What are the actual transaction costs when flipping an IPO on listing day?

For a typical 1-lot IPO allotment of Rs 15,000 (30 shares at Rs 500) listing at Rs 600 with a 20% gain, costs include STT at 0.1% of sell value (Rs 18), DP charges of Rs 15.34, and SEBI turnover fee plus stamp duty of approximately Rs 2-3. Brokerage is zero on delivery trades with discount brokers like Zerodha. The major cost is STCG tax at 20% on Rs 3,000 profit, which is Rs 600. Total deductions come to approximately Rs 633, reducing your Rs 3,000 gross profit to Rs 2,367 net — a 21% haircut.

8

What is survivorship bias in IPO return data and why does it matter?

Survivorship bias in IPO data occurs because most return statistics focus on IPOs that listed successfully and ignore those that were withdrawn, failed to get subscribed, or were delisted shortly after. Additionally, average return figures are skewed by a few massive outperformers. In 2024, the average listing gain was 30.25% but the median was only 15.2% — meaning the average was inflated by outliers. Investors who cherry-pick successful IPO stories ignore the full distribution. The realistic expectation should be based on median returns, not averages, and should account for allotment probability which is often below 5% for retail.

9

How does IPO funding through ASBA affect the economics of flipping?

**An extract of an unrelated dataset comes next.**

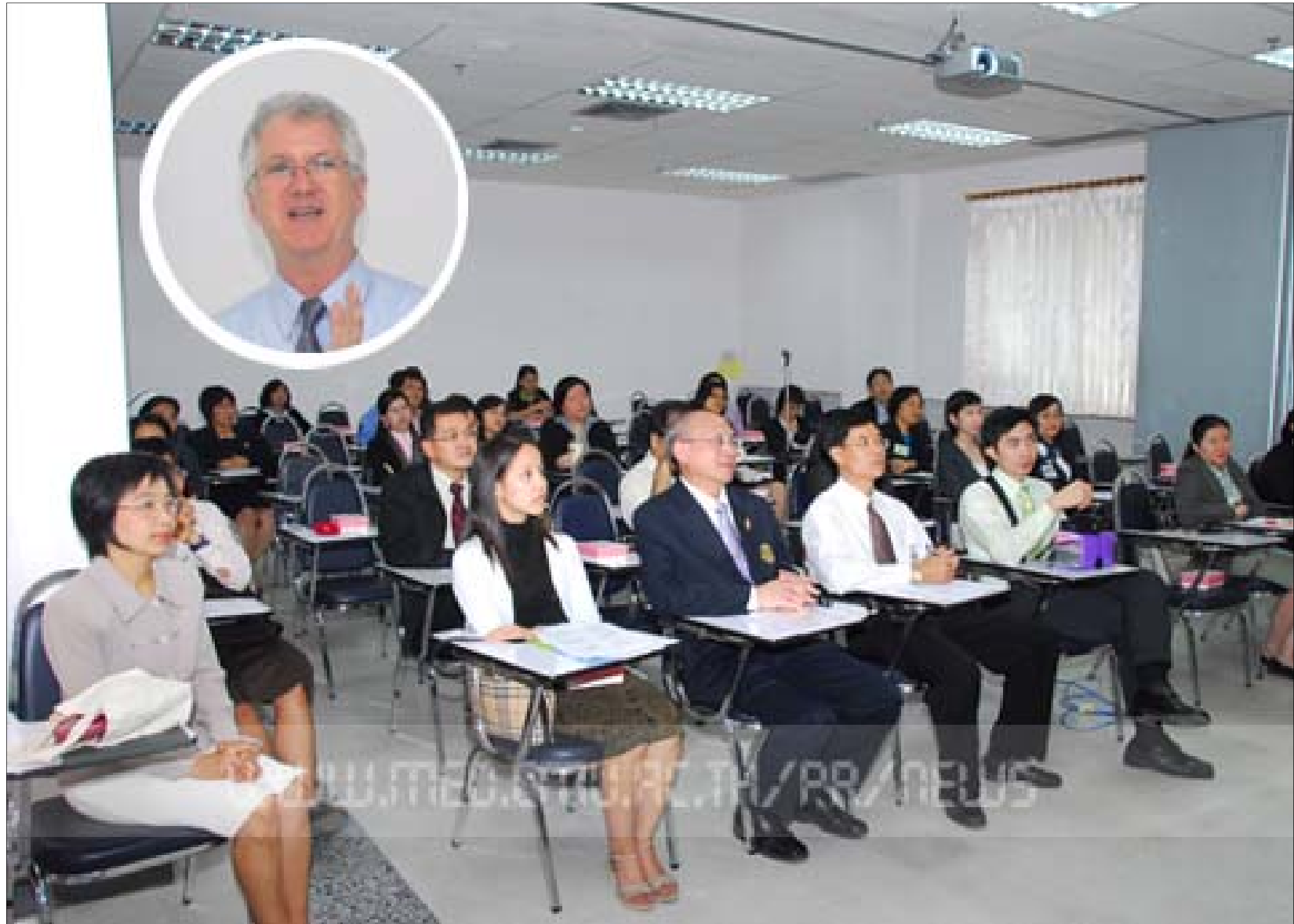
27 th December 2008 Chiang Mai University. Chiang Mai, Thailand

Under ASBA (Application Supported by Blocked Amount), your application money stays in your bank account and earns savings interest (3-4% annually) until allotment. The blocked period is typically 6-8 days. For a Rs 15,000 application, interest earned during blocking is negligible — roughly Rs 7-10. The real cost is opportunity cost if you apply to multiple IPOs simultaneously and your funds remain blocked across several applications. For serious flippers applying to 5-10 IPOs monthly, Rs 75,000-1,50,000 may stay blocked regularly, earning savings rate instead of being deployed in liquid funds earning 7%+.

10

Should I flip every IPO I get allotted in or selectively hold some?

Data suggests flipping is the safer default. In 2025, only 41% of IPOs retained listing gains months later — meaning 59% either gave up gains or went below issue price. Flip when the listing gain exceeds 15% in a neutral market, the company has weak fundamentals or high valuations, or anchor lock-in expiry is approaching. Consider holding when LTCG exemption limit is unused, the company has strong earnings growth visible in quarterly results, and the stock corrects post-listing to attractive valuations. Never hold purely to save tax — a 7.5% tax saving is irrelevant if the stock drops 20%.

11

What happens if an IPO lists below issue price — should I sell or hold?

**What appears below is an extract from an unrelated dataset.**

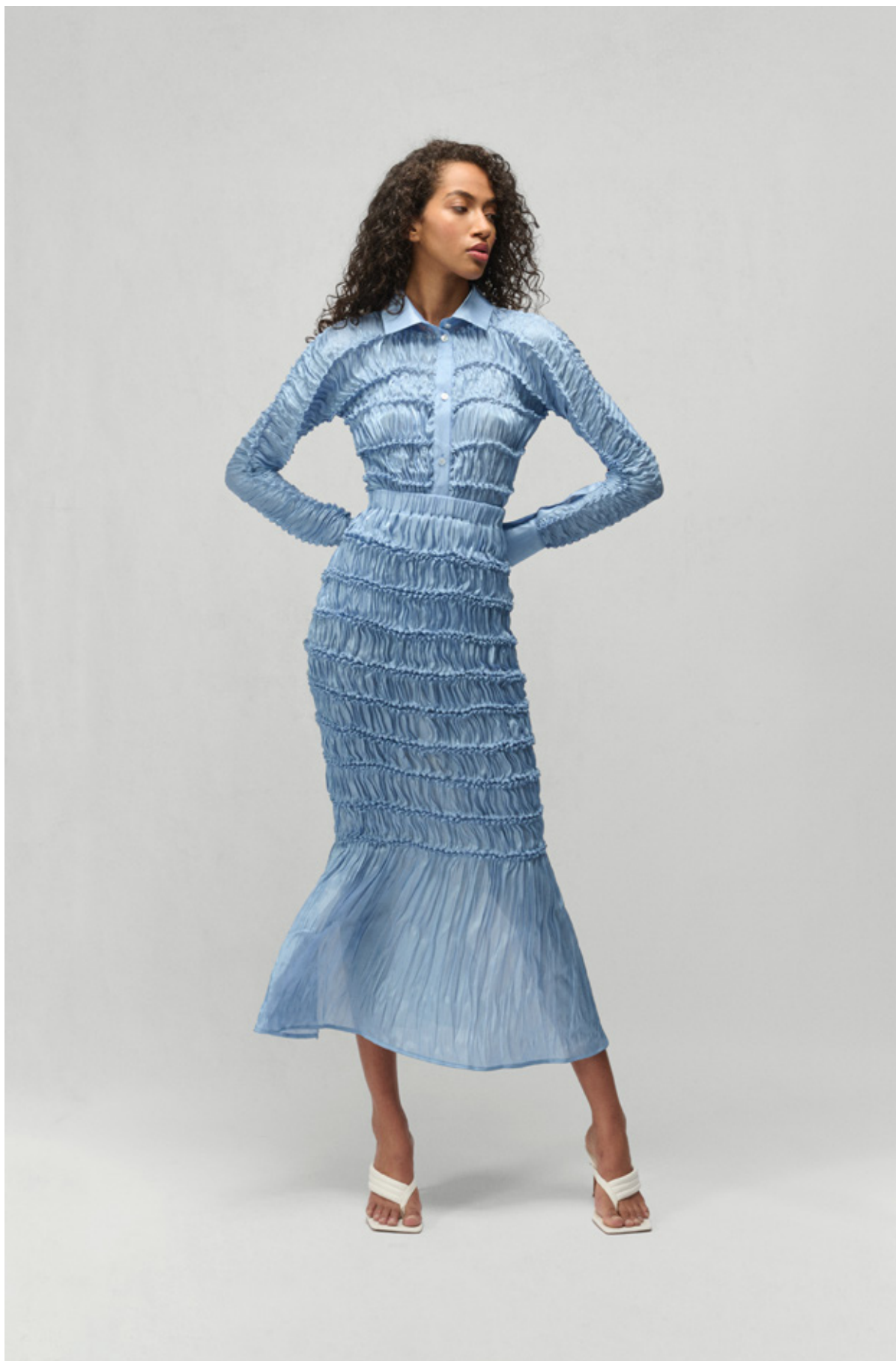
GLORIA- KIMONO SLEEVE SHIBORI BLOUSE

If an IPO lists at a discount, selling crystallises a short-term capital loss. This loss can be set off against any STCG or LTCG in the same financial year, effectively saving you 20% (if set off against STCG) or 12.5% (if against LTCG) of the loss amount in taxes. If you cannot set off the loss, it can be carried forward for 8 years. Holding a negative-listing IPO hoping for recovery is risky — data shows stocks like Popular Vehicles fell 46% from issue price. Booking the loss early and using it for tax harvesting is often the smarter move. See the stock tax guide for harvesting strategies.

12

How much does IPO allotment probability affect real returns for retail investors?

Retail allotment probability in oversubscribed IPOs is extremely low — often 1-5% for popular issues. If an IPO is subscribed 50x in retail category, your probability of getting 1 lot is roughly 2%. To get allotted in one IPO with a 15% listing gain, you might need to apply to 20-50 IPOs. Your effective return on capital blocked across all applications is far lower than the headline listing gain. For a Rs 15,000 lot with Rs 2,367 net profit, if you applied to 30 IPOs with funds blocked for a week each, your annualised return on deployed capital drops to single digits.

Disclaimer: This information is for educational purposes only and does not constitute financial advice. Stock market investments are subject to market risks. Past performance does not guarantee future results. Consult a SEBI-registered investment advisor before making investment decisions.